Proponents of passing a License to Discriminate in Georgia are test-driving a new talking point: Saying they won’t pass any bill that’s more strict than federal “religious freedom” laws.
That sounds reasonable on its face, but it’s not. It’s the same call for state-sanctioned discrimination that we’ve heard for the last five years. Our position is unchanged: Right now, in Georgia, no RFRA is a good RFRA.
There are two big reasons why: At the federal level, civil rights laws often prevent religion from being used to discriminate—but there are no federal non-discrimination protections for LGBT people. Georgia has no statewide protections either.
Even in existing federal law, we’re now seeing the balance tip toward discrimination. Courts are interpreting laws that protect religious practice in ways that encourage discrimination, and enforcement of federal non-discrimination law is weak.
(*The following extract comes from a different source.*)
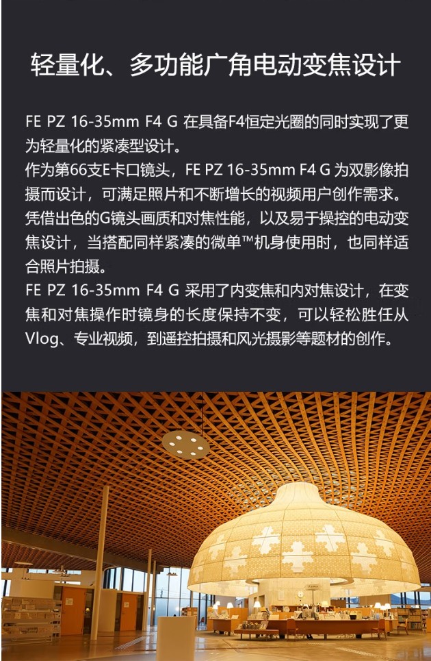 索尼(SONY)FE PZ 16-35mm F4 G 全画幅广角电动变焦F4恒定光圈G镜头 自营

Americans United for Separation of Church and State has a great fact sheet that lays this situation out in more detail, but essentially there are four broad reasons a federal-style RFRA could not work in Georgia:
- Courts have changed the way that RFRA works, interpreting it more broadly.
- The federal RFRA is currently being invoked to justify discrimination in certain situations, specifically in healthcare and employment, including government-funded health services.
- In the 1990s, Congress actually rejected a second federal “religious freedom” law because it lacked non-discrimination protections.
- State RFRAs are often justified using anti-LGBT rhetoric, making it clear the motive is anti-LGBT discrimination.
These reasons are more than enough to continue to oppose RFRA, and speak out forcefully against any attempt by opponents of equality to say these laws are anything but state-sanctioned discrimination.